Faiq Al Sheikh Ali is also a member of the Parliamentarians for Global Action (PGA), since 2014 and is working to get the Iraqi government to sign the Rome Statute of the International Criminal Court. At the ICC's conference in Milan, on 28 November 2017 Sheikh Ali talked about the crimes committed by ISIS in Iraq, criticising the International community for protecting ISIS fighters in Iraq and Syria and helping them flee back to Europe. He is a defender of Iraqi minorities including Christians and Yazidis and calls for immediate action by the government to secure those who were victims of genocide by ISIS.

==2018 Parliamentary Elections==
After the Civil Democratic Alliance split in December-2017 into two alliances, the current consisting of mostly left-wing leaning parties who stayed as part of the alliance, a second alliance called the Civilized Alliance (Arabic: تحالف تمدّن) was formed in January-2018, consisting of four liberal national parties. The alliance aims to establish a civil state based on justice and equal rights & duties for all citizens adopting liberal principles characterized by free & fair elections, separation of powers and the rule of law, ensuring equal protection of human rights, and civil & political freedoms for all.
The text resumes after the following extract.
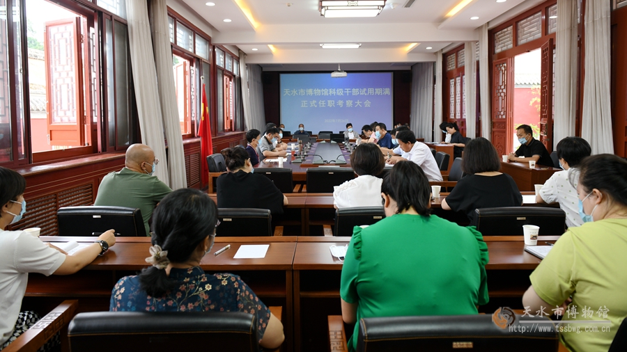 7月26日,天水市博物館在暢和軒會(huì)議室召開了“天水市博物館科級(jí)干部試用期滿正式任職考察大會(huì)”。會(huì)議對(duì)馬優(yōu)努斯、鄭文玉、鄒丹婷、雷德延4名科級(jí)干部試用期滿正式任職進(jìn)行了考察。市文化和旅游局考察組組長(zhǎng)、二級(jí)調(diào)研員魏國(guó)柱同志一行3人出席了考察大會(huì)。會(huì)議由天水市博物館黨總支書記、館長(zhǎng)劉玉璞同志主持,天水市博物館中層干部及職工代表33人參加了會(huì)議。

The alliance won two seats and Sheikh Ali retained his seat in Baghdad.

He supports the presence of American forces in Iraq to counter Iranian encroachment in the country.

==Books==
Sheikh Ali is also the author of several books written in Arabic, the most famous being The Assassinations of a People (Arabic: اغتيال شعب) written in 1999 and published in February 2000.

Another book of his that came out in six editions is called the Memoirs of the Heir of the Thrones (Arabic: مذكرات وريثة العروش) published at first 2002. In this book, Sheikh Ali wrote the memoirs of the only survivor of 14 July 1958 Iraqi coup d'état Princess Badiya, the daughter of King Ali of Hejaz, and aunt of King Faisal II of Iraq, the last King of Iraq who was killed during the coup along with his aunties and uncle 'Abd al-Ilah, Princess Badiya's brother, who served as Regent of Iraq from 4 April 1939 to 23 May 1953.

Other books include The Arab Sheikhs in the Ottoman Documents (Arabic شيوخ العرب في الوثائق العثمانية) and Secrets of the London Conference 2002 (Arabic: أسرار مؤتمر لندن).